Welcome to our first webinar on Theory & Practice in Sensitive Interviewing 25th of March!

The White Granary in Slupsk. Photo: The Museum of Middle Pomerania in Slupsk

Welcome to an interesting and informative webinar about sensitive interviewing on the 25th of March at 9.30 AM. Unfortunately, COVID-19 made it impossible for us to hold the larger workshop in Slupsk/Polen as originally planned.

Identity on the Line (I-ON) is a large-scale cooperation project between museums and universities from seven European countries, working together to explore the long-term consequences of different migration processes, which took place in Europe over the last 100 years. One of the goals of the project is to collect and disseminate the experiences of former migrants and their descendants and to place them in factual contexts. Common features and human needs regardless of time and place will then be analyzed and displayed through exhibitions, school packages, and publications.
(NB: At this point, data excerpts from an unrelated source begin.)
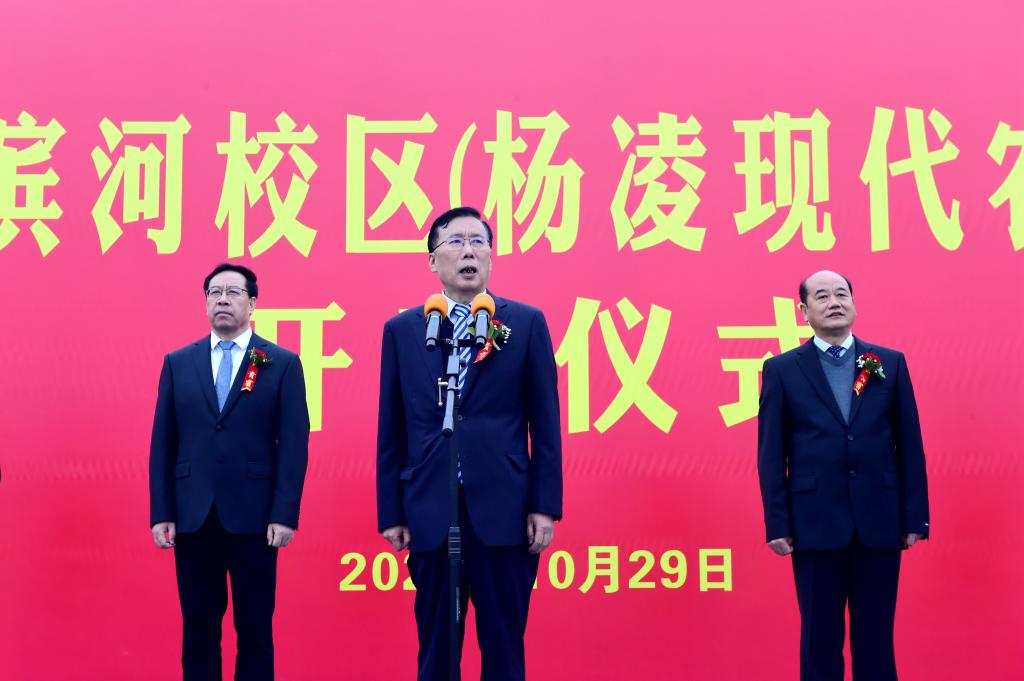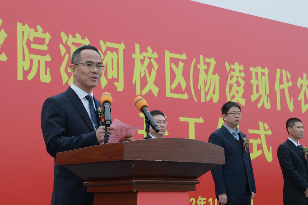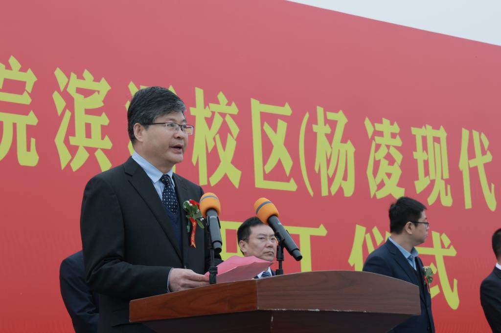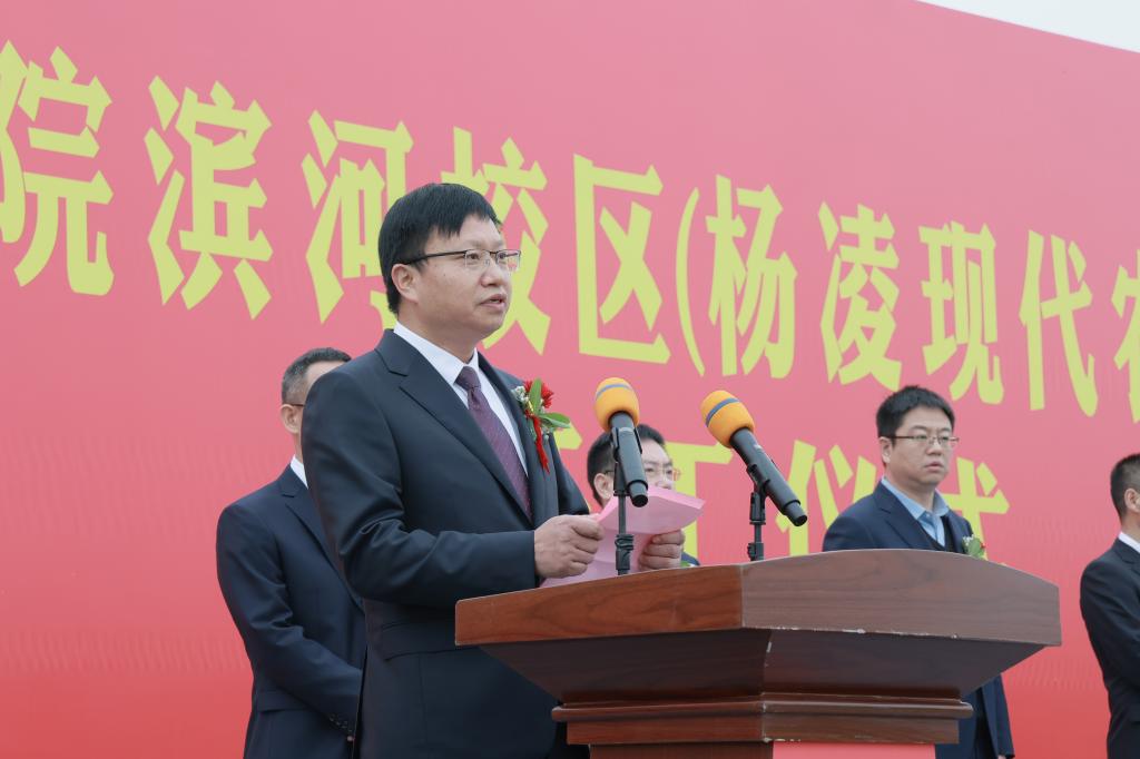 王周锁在致辞中代表学校全体师生向参加滨河校区建设开工仪式的各位领导和嘉宾表示热烈欢迎,向长期以来关心支持学校各项事业发展的各级领导、各界人士和滨河校区参建单位表示诚挚感谢。他指出,滨河校区建设是全体杨职人一直以来的夙愿,承载着学校励志图强的光荣与梦想,是学校推进“双高”建设、升格本科职业大学、实现高质量发展的有力支撑和关键举措。全校上下将认真学习宣传贯彻党的二十大精神,以党的二十大报告中对教育、科技、人才工作的系统阐述为遵循,坚持以立德树人为根本、以强农兴农为己任,扎根杨凌、面向全国、服务世界,紧抓新校区建设这一机遇,全力打造全国农业高职教育新高地,并按照学校“十四五”规划确立的“12468”发展思路,科学实施“六新”方略,深入推进区校融合、产教融合、校企合作,持续优化办学条件,加快建设“中国特色、世界一流职业大学”。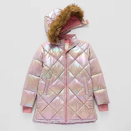 This Thereabouts little and big girls heavyweight water-resistant puffer jacket, available in a beautiful shiny metallic shade, is designed to keep her warm and cozy during the coldest days. It features a faux fur trimmed hood for extra protection against the elements, a full-zip closure at the front, long sleeves, and two side slip pockets, making it a stylish and functional addition to her wardrobe.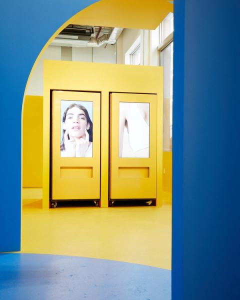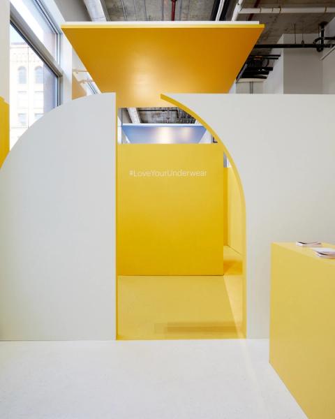Using blocks of raw cotton directly from the product factory, a materiality display showcases how the product manufacturing begins.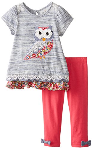 Blue slub knit top with owl applique to fuchsia knit legging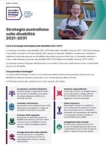 La Strategia australiana sulla disabilità 2021-2031 (Australia’s Disability Strategy 2021–2031) (la Strategia) è un quadro nazionale a cui hanno aderito tutti i governi in Australia. Stabilisce un piano per continuare a migliorare la vita delle persone con disabilità in Australia nei prossimi dieci anni. La Strategia sostituisce e si basa sulla Strategia nazionale sulla disabilità 2010-2020 (National Disability Strategy 2010–2020).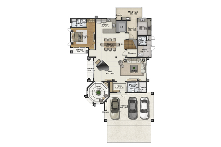 * ออกแบบสวนพักผ่อนจากสวนตามปราสาทในแถบยุโรป ที่ให้บรรยากาศของความเป็นธรรมชาติ สงบ และเป็นส่วนตัว
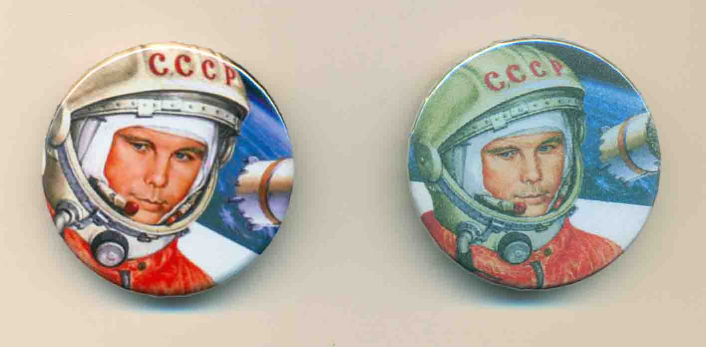 Значок-пуговица.Надпись на скафандре Гагарина -СССР-зеркальная.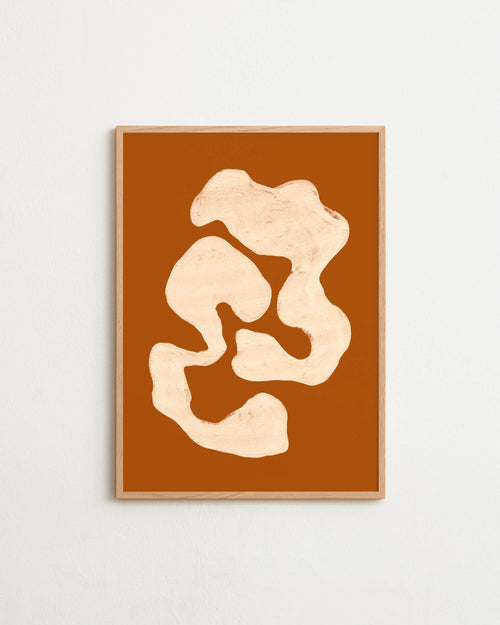 Art print featuring layered and sweeping brushstrokes in two shades of brown that create a sense of movement and tension across the surface. Styled in a minimalist interior.

During a period of four years, seven workshops will be held, which are following the course of the project. The very first keynote and workshop were supposed to be about the process of interviewing former migrants and their descendants. Migration, forced or voluntary, has often led to experiences that are difficult to talk about.

To learn more about how to proceed in the best way possible, we have invited a keynote speaker, Dr. Danie Meyer, with expertise in this working field. Her speech will now be turned into a webinar that is open for everyone to join.

Dr. Danie Meyer

 

 

As a Trauma Psychologist, Dr. Danie Meyer offers Narrative Exposure Therapy (NET), an empirically based, proven effective, short term CBT-based intervention designed to address PTSD and complex PTSD in individuals surviving extreme, continuous violence and catastrophes. She has also branched out from clinical practice to address trauma topics as presented in civilian society. Lately, she started working with art galleries, providing training for gallery curators to offer more comprehensive support to artists and gallery visitors for exhibitions that are potentially triggering for PTSD.

 

There will be no guided tour to the Museum of the Pomeranian Folk Culture in Swolowo this time, but we hope to be able to provide it on a later date.